3. On the question as to the terms of a contract for the services of a stallion, evidence of contracts made by the owner with other persons is not admissible.

4. The exclusion of evidence will not be reviewed unless the court is referred to the part of the record in which the error occurred.

Appeal from circuit court, Henry county; E. H. Bundy, Judge.

Action in the justice court by George A. Koons against Samuel L. Evans. From a judgment on appeal to the circuit court for plaintiff, defendant appeals. Affirmed.

John M. Morris, for appellant. Brown & Brown, for appellee.

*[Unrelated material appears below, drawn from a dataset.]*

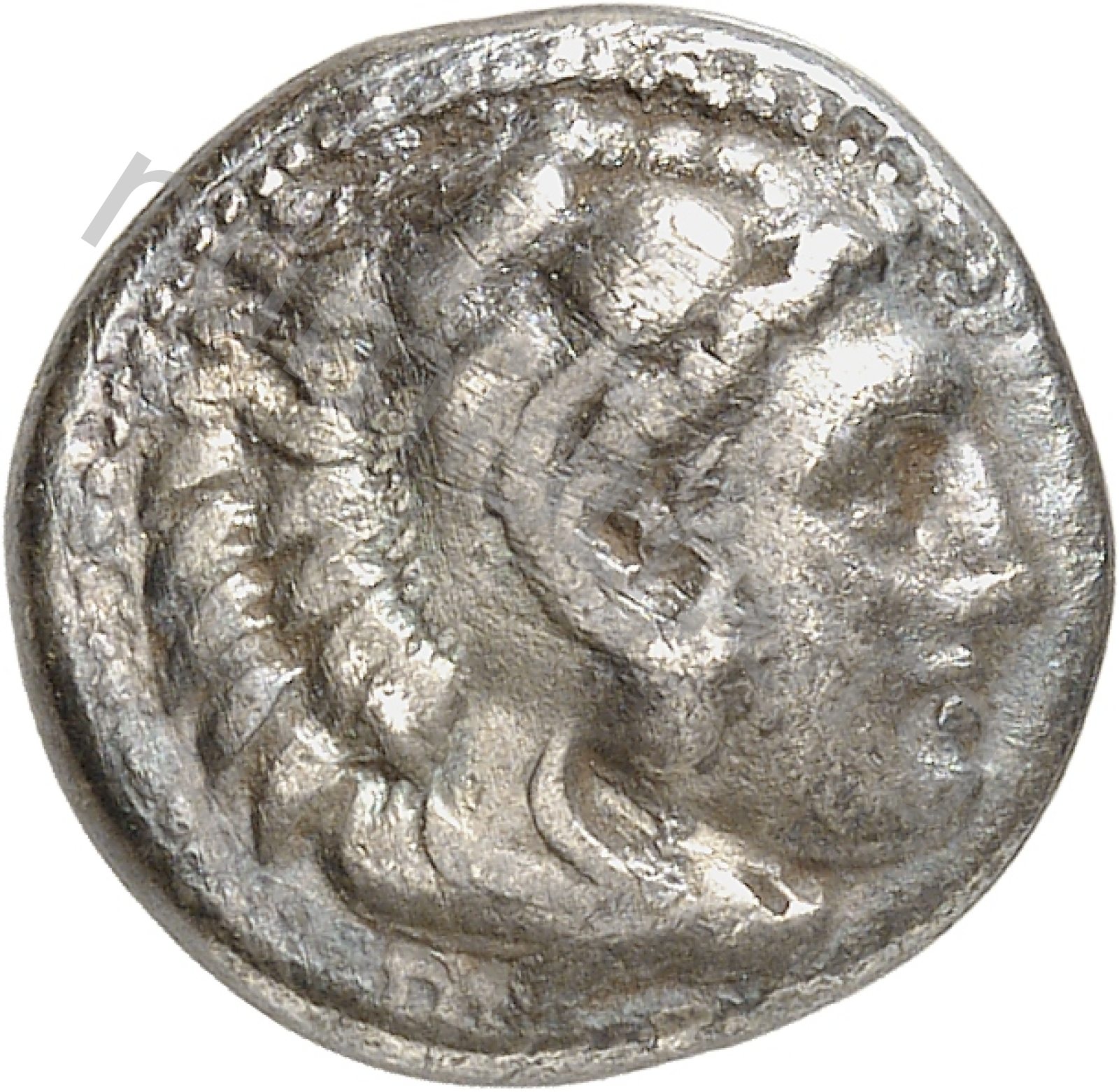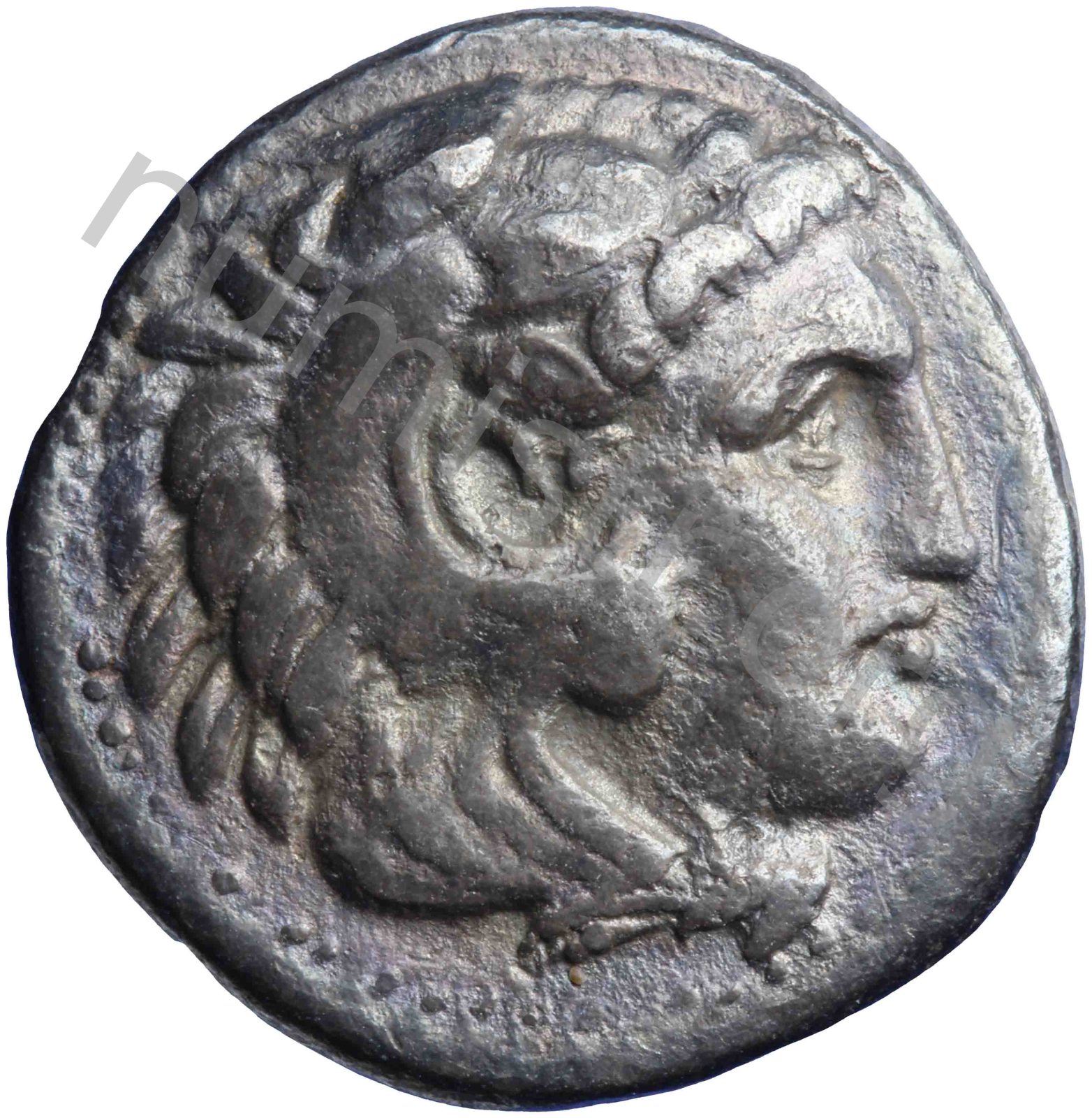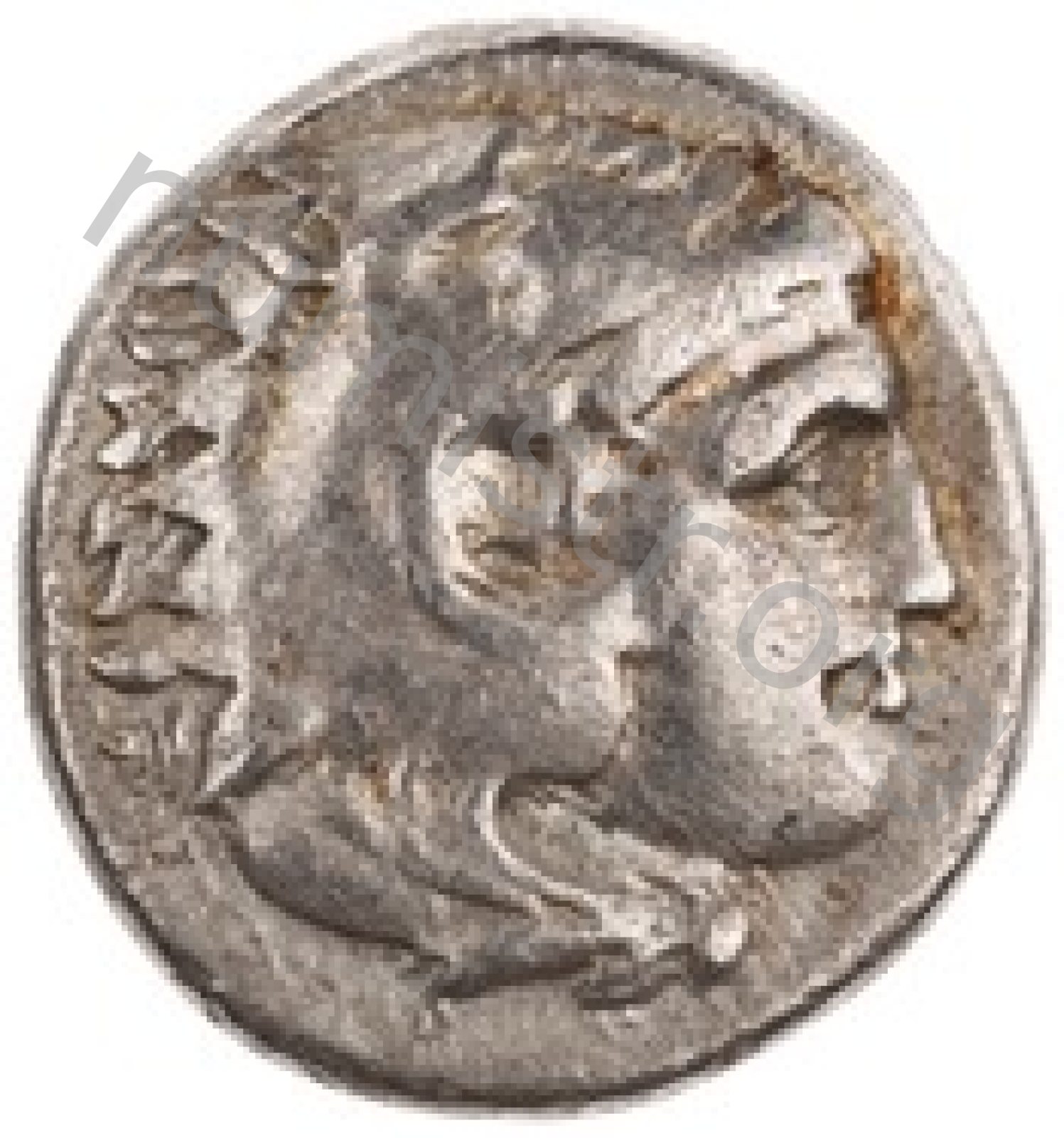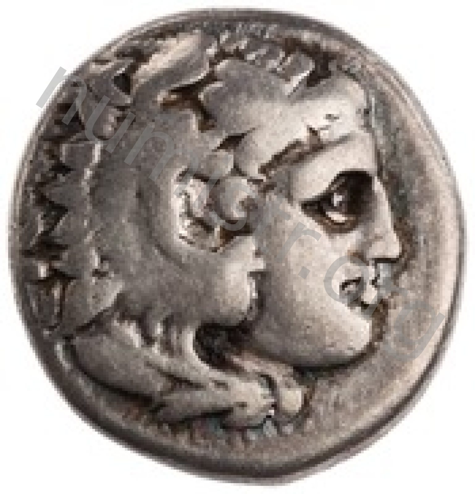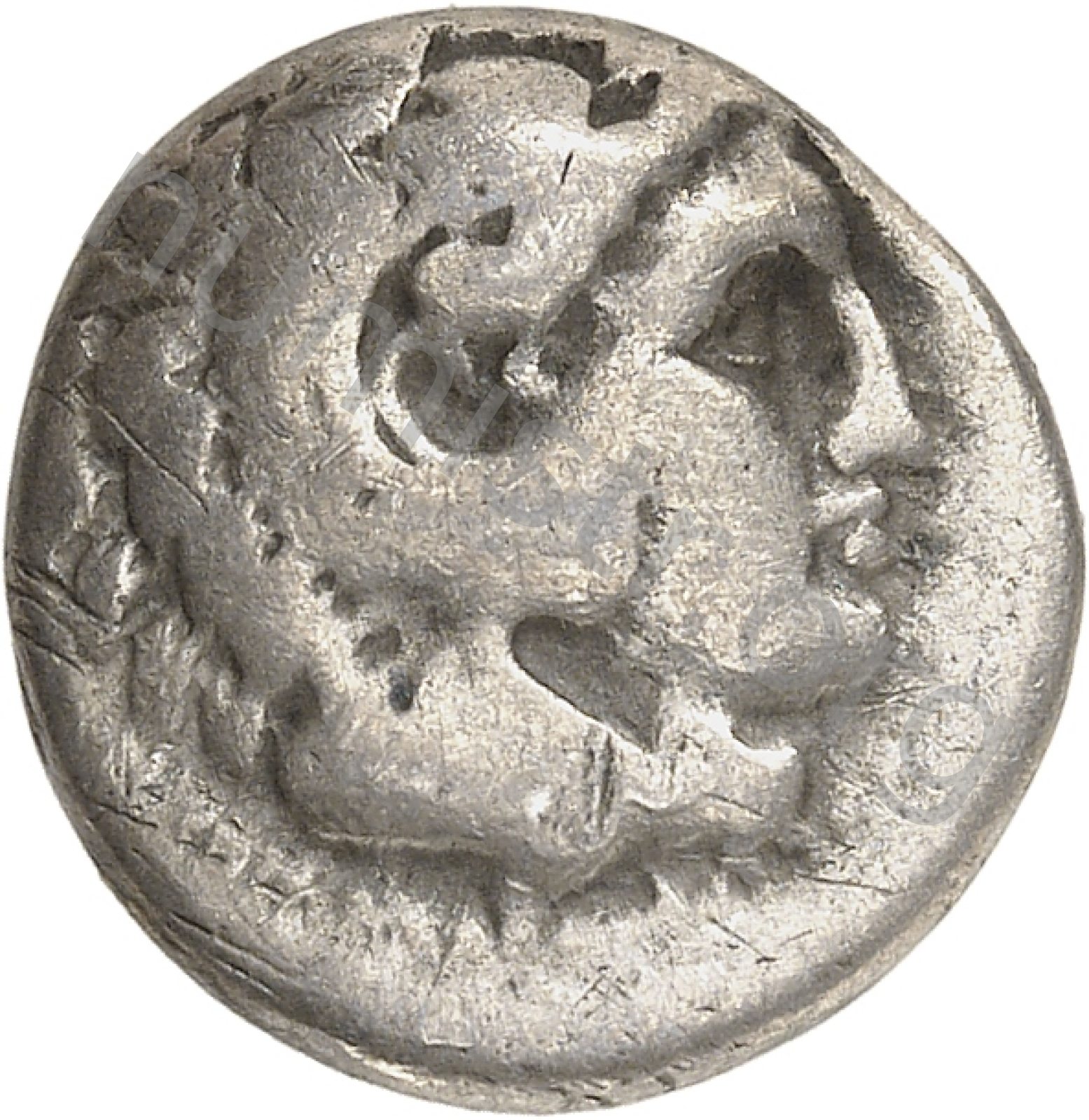 Head of beardless Heracles right wearing lion skin headdress -[en]

REINHARD, J. This action was commenced before a justice of the peace for the recovery of the sum of $25, alleged to be due the appellee from the appellant for the service of a stallion. The appellant filed an answer of general denial, and a second paragraph setting up a breach of warranty and failure of consideration. He also filed a counterclaim for breach of warranty, in which he claimed damages in the sum of $50. These pleadings bring the amount involved within the jurisdiction of this court on appeal. There was a trial by jury, and a verdict and judgment for the appellee in the sum of $10.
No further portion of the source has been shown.